I wanted to get some recommendations for rides around the Aspen area. I'm going to miss the 'Ride the Pass' in mid-May, but I was hoping to sneak in before they open Independence Pass. Also, I read that Maroon Bells has a closed off road that seems like a nice climb. Any suggestions if I am only able to get one, maybe two rides in?

Also, should I rent a bike out there, and are there any recommendations? I was thinking about shipping my bike out there, but I run a double where a triple might be necessary. Any shops with reasonable equipment and prices?

Thanks in advance for the input.
Mike


----------



## PDex (Mar 23, 2004)

*A couple of thoughts*



SpinningHoosier said:


> I wanted to get some recommendations for rides around the Aspen area. I'm going to miss the 'Ride the Pass' in mid-May, but I was hoping to sneak in before they open Independence Pass. Also, I read that Maroon Bells has a closed off road that seems like a nice climb. Any suggestions if I am only able to get one, maybe two rides in?
> 
> Also, should I rent a bike out there, and are there any recommendations? I was thinking about shipping my bike out there, but I run a double where a triple might be necessary. Any shops with reasonable equipment and prices?
> 
> ...


The road to Maroon Bells is open to cars until the last weekend in June (well, it was that way four years ago). It is a beautiful ride and not too long. Independence Pass is a blast, but depending on when you are here you will get melting snow on the road. The west side of the pass can get tricky the later in the day you go. If you are in the mood for a long ride, go through Carbondale towards McClure Pass. For a good hill workout, do loops at Snowmass. There are paved roads going back to Woody Creek that are narrow, but now that Hunter S. Thompson isn't driving the roads, you should be OK. (I know - that was gratuitous).

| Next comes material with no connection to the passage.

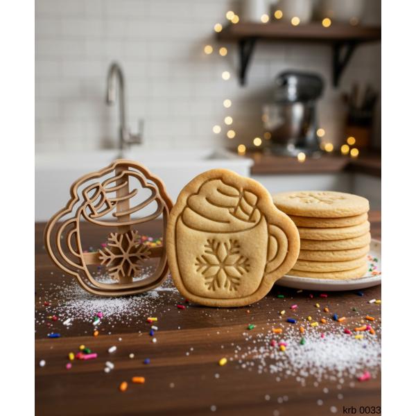 Kar taneli sıcak içecek kupası figürlü kurabiye kalıbı, gıda temasına uygun PLA malzemeden üretilmiştir. Bardak formu, üst köpük detayı ve ortadaki kar tanesi sayesinde kurabiye, şeker hamuru ve oyun hamuru çalışmalarında net, pürüzsüz ve karakterli şekiller elde edilir.
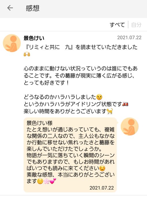 景色けい様@nukojamから感想をいただきました。とても励みになります❣️ありがとうございます😊

Check some of the bikeshops in the area. The Hub on Hyman is a great shop (don't have their phone number).


----------



## theBreeze (Jan 7, 2002)

Second the McClure Pass ride. Both sides are beautiful and it's not outrageously steep. If "SpinningHoosier" means you're from flatland, the altitude is going to get you. McClure Pass only tops out at 8200 ft or so. If you didn't want to ride the busy highway form Aspen to Carbondale try the bus service. There is very good public transport between Aspen/Carbondale/Glenwood Springs. Because all the wait people, busboys, hotel maids, lift operators and other service workers who work in Aspen can't afford to live there. Find out if you can put a bike on a bus to Cabondale. Then ride south over MCClure Pass and climb back up the other side.


----------



## dcp_nz (Jun 20, 2005)

Too many great options to mention them all.
McClure pass is nice as others have mentioned but that headwind all the way up 133 from carbondale to the Marble turnoff is a beast.
Personally I like Castle Creek Rd up to and past Ashcroft. Maroon Creek Rd up to Maroon Lake is a little shorter and a great ride and road is closed to cars thru the middle of the day in summer. Old Snowmass Rd is a great ride - ride from town out McLain Flats Rd.
Independence Pass is a good climb but once its open to cars after Memorial day I'll usually find something else cos its fairly narrow.
Lots of others seem to like ride up to Reudi Reservoir from Basalt.


----------